> [About this task] Write out exactly the lines from the one with "This paper explores" through the last line of the data below, but not the pictures.

> [Records for processing]
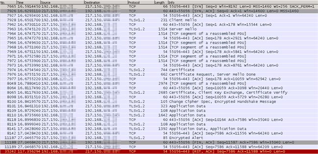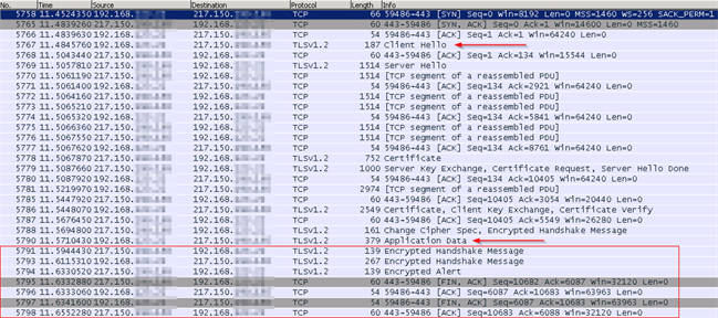 While using Wireshark to troubleshoot the connectivity issues, we noticed that the actual negotiation in between client and server went OK and BizTalk Server was actually using TLS 1.2. However, when the actual data-transmission was supposed to start, the handshake was failing and an ‘Encrypted Alert’ was returned by the server, which was followed by the closing down of the connection.
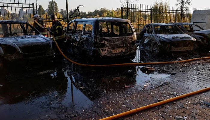 Firefighters work near damaged vehicles at the site of a residential building damaged during a Russian drone and missile strike, amid Russias attack on Ukraine, in the outskirts of Kyiv, Ukraine, September 20, 2025. — Reuters
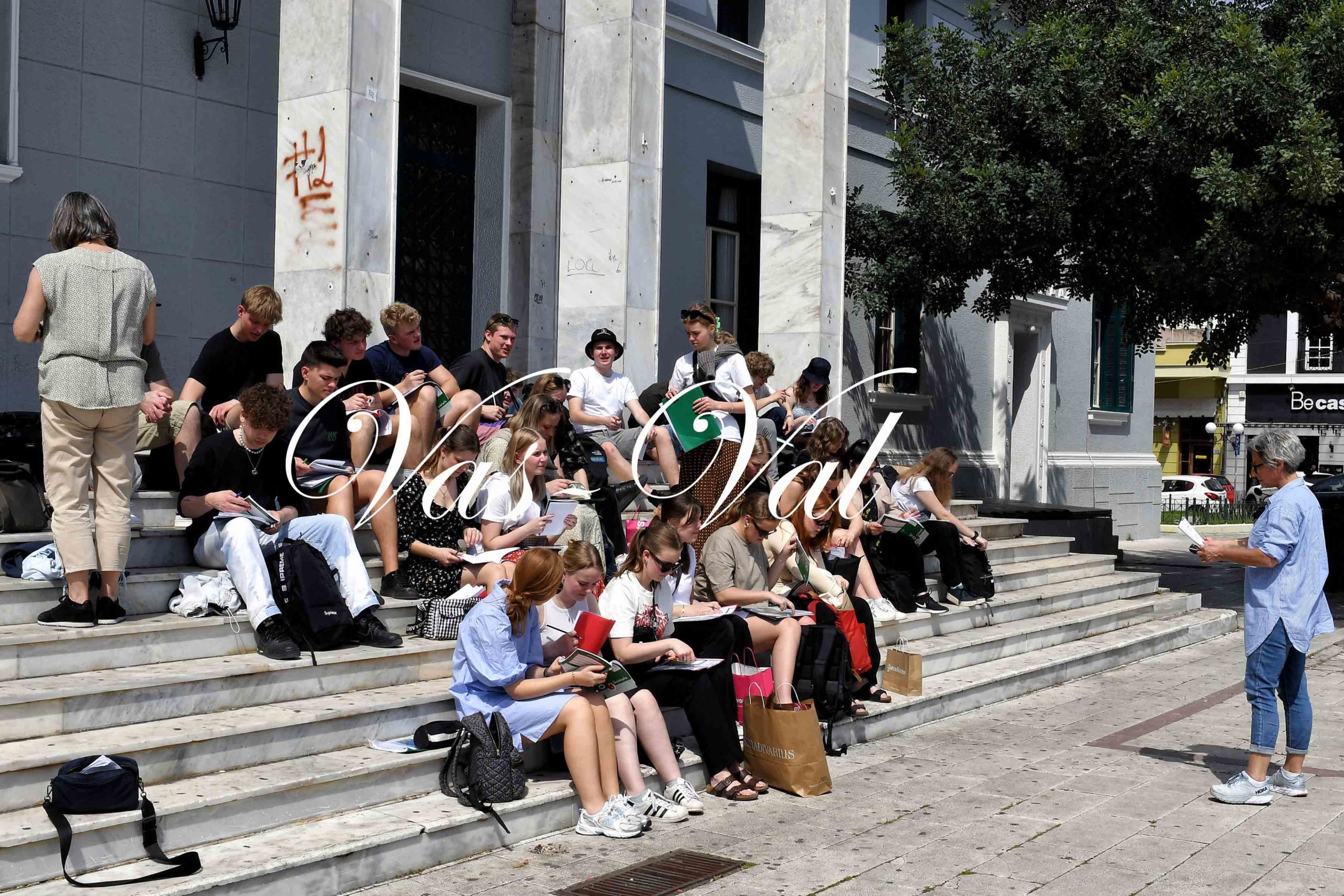 Σαν τε χελιδόνια, ήρθαν και οι πρώτοι τουρίστες στην Κορινθίας. Οι Δανοί, μάλλον εντυπωσιάστηκαν από το νεοκλασσικό κτίριο του Δικαστικού Μεγάρου και έβγαλαν φωτογραφίες
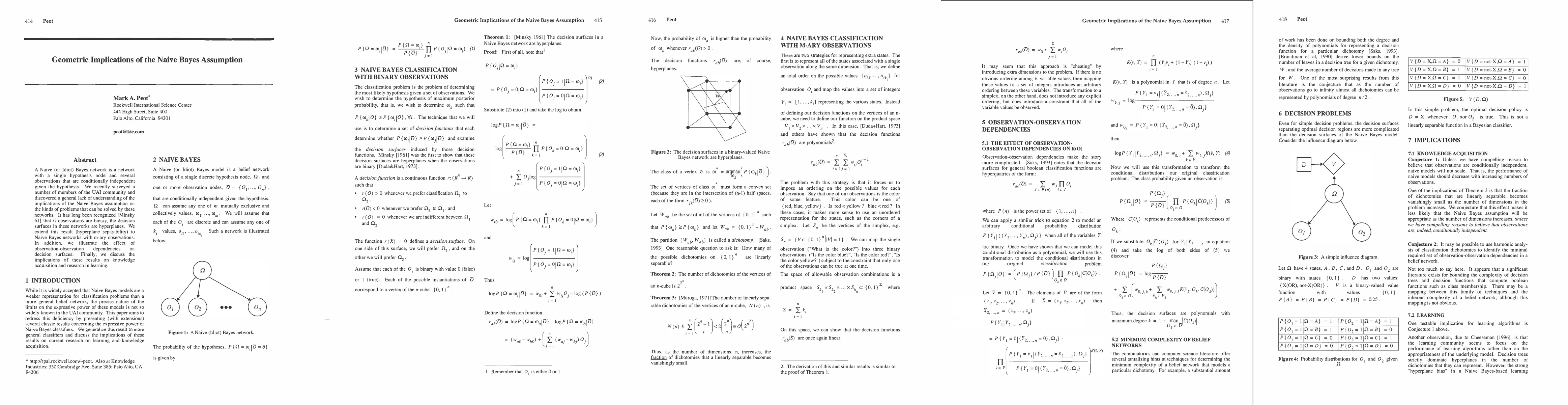 This paper explores the geometric implications of the Naive Bayes assumption, extending the known result that binary observations create hyperplane decision surfaces to networks with m-ary observations. It also examines the impact of observation-observation dependencies on these surfaces, discussing implications for knowledge acquisition and learning research.
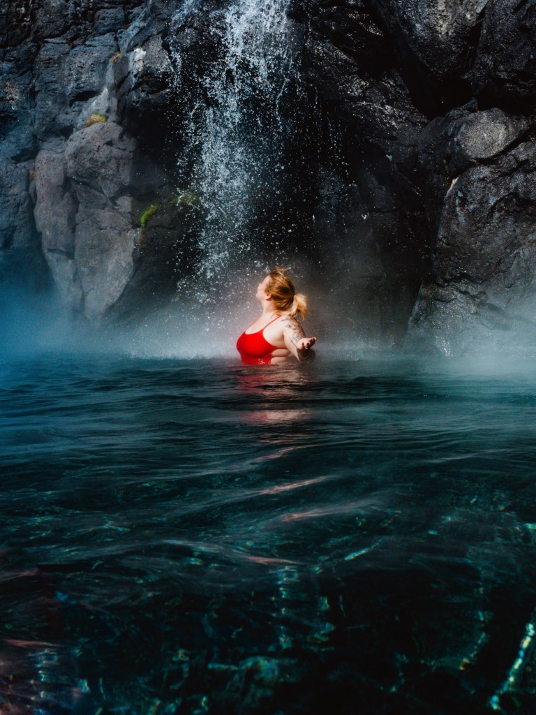 After visiting the puffins, we headed back to some waterfalls we visited on the way through the first time and then grabbed some coffee before heading to a hot spring. Hrunalaug was not on our list to visit originally, but we all really wanted to shower and when you visit hot springs its important to shower before and after using them. This hot spring is owned by farmers and they let the public use it for a fee. It felt like we were in the Shire. There are 3 different pools here and each are different temperatures, from warm to hot tub temperature. It was a great experience but heads up, the water is a little dirty – to be expected in a natural hot spring.
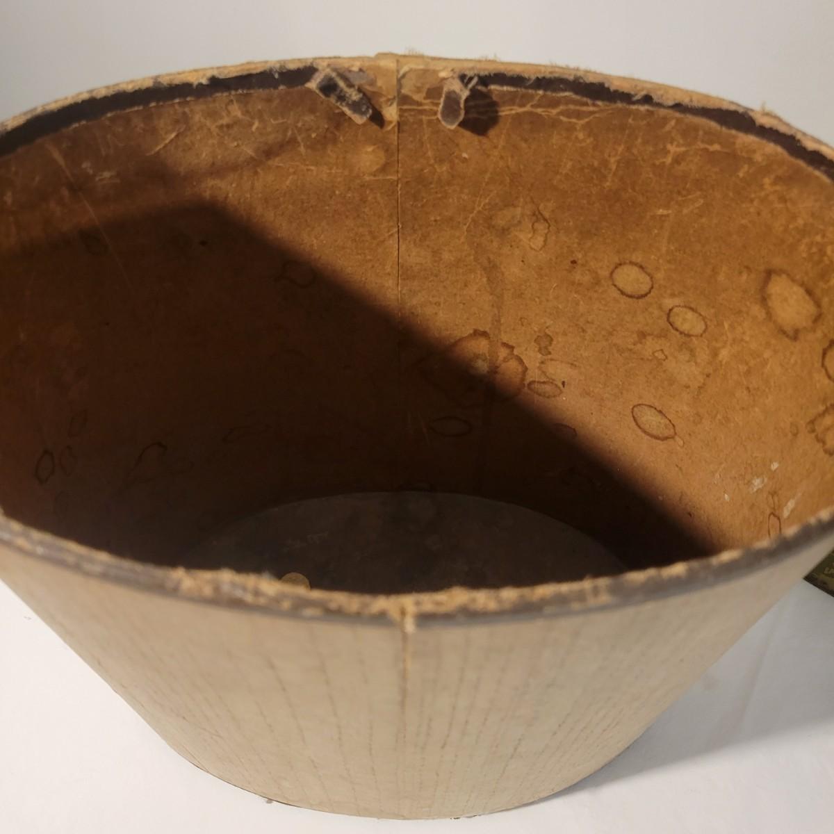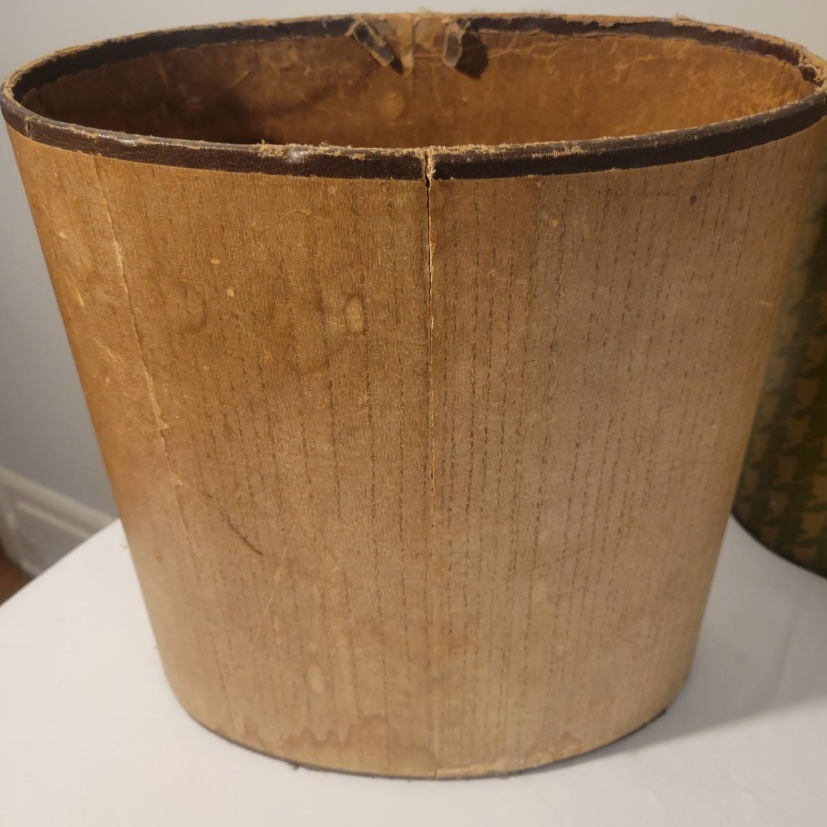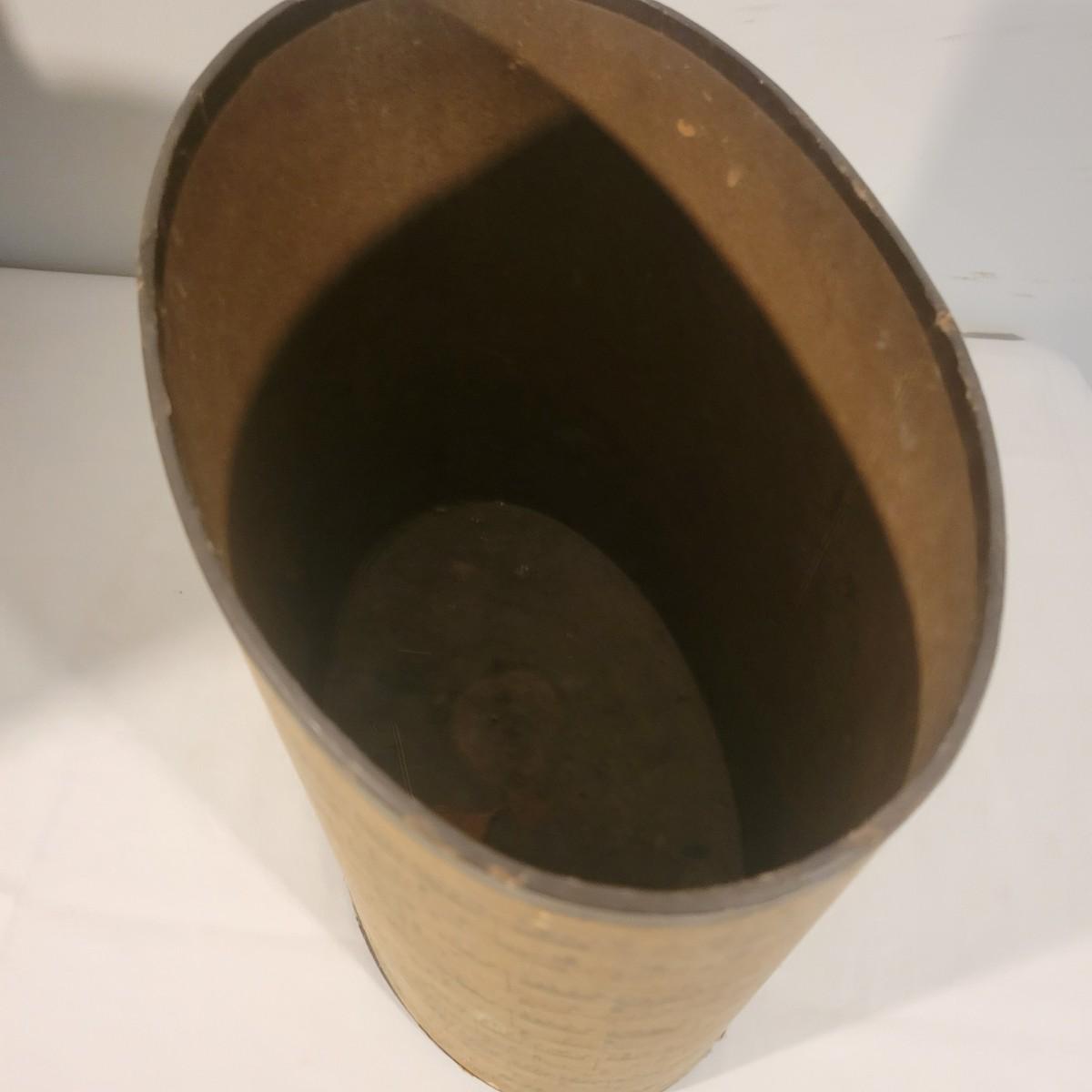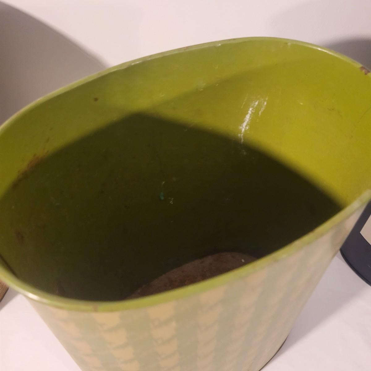 Four vintage waste bins that have seen varying amounts of use, but are still functional. The Beethoven and needlepoint bins are made of a heavy paper and the other two are made of metal. The metal bins do have some scratches and the floral one has a small dent. The average size is approximately 12" x 7" x 12". Local pickup only

> [Solution for this task]
 This paper explores the geometric implications of the Naive Bayes assumption, extending the known result that binary observations create hyperplane decision surfaces to networks with m-ary observations. It also examines the impact of observation-observation dependencies on these surfaces, discussing implications for knowledge acquisition and learning research.
 After visiting the puffins, we headed back to some waterfalls we visited on the way through the first time and then grabbed some coffee before heading to a hot spring. Hrunalaug was not on our list to visit originally, but we all really wanted to shower and when you visit hot springs its important to shower before and after using them. This hot spring is owned by farmers and they let the public use it for a fee. It felt like we were in the Shire. There are 3 different pools here and each are different temperatures, from warm to hot tub temperature. It was a great experience but heads up, the water is a little dirty – to be expected in a natural hot spring.
 Four vintage waste bins that have seen varying amounts of use, but are still functional. The Beethoven and needlepoint bins are made of a heavy paper and the other two are made of metal. The metal bins do have some scratches and the floral one has a small dent. The average size is approximately 12" x 7" x 12". Local pickup only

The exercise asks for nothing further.